• [WHAT THE TASK REQUIRES]:
Every line in the data below from the one containing "The PTA forward" down to the one containing "A standout feature", both included, must be retyped exactly; no other line is to appear.

• [TASK DATA]:

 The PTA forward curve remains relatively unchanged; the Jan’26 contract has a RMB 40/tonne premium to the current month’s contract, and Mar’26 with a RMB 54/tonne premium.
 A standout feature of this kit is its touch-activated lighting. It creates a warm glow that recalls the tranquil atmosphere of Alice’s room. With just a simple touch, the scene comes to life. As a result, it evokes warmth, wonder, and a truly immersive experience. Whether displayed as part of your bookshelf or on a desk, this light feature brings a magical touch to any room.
* * *
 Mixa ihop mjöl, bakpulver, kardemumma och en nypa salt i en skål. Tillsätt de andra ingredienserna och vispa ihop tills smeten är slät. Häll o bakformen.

• [EXPECTED OUTPUT]:
 The PTA forward curve remains relatively unchanged; the Jan’26 contract has a RMB 40/tonne premium to the current month’s contract, and Mar’26 with a RMB 54/tonne premium.
 A standout feature of this kit is its touch-activated lighting. It creates a warm glow that recalls the tranquil atmosphere of Alice’s room. With just a simple touch, the scene comes to life. As a result, it evokes warmth, wonder, and a truly immersive experience. Whether displayed as part of your bookshelf or on a desk, this light feature brings a magical touch to any room.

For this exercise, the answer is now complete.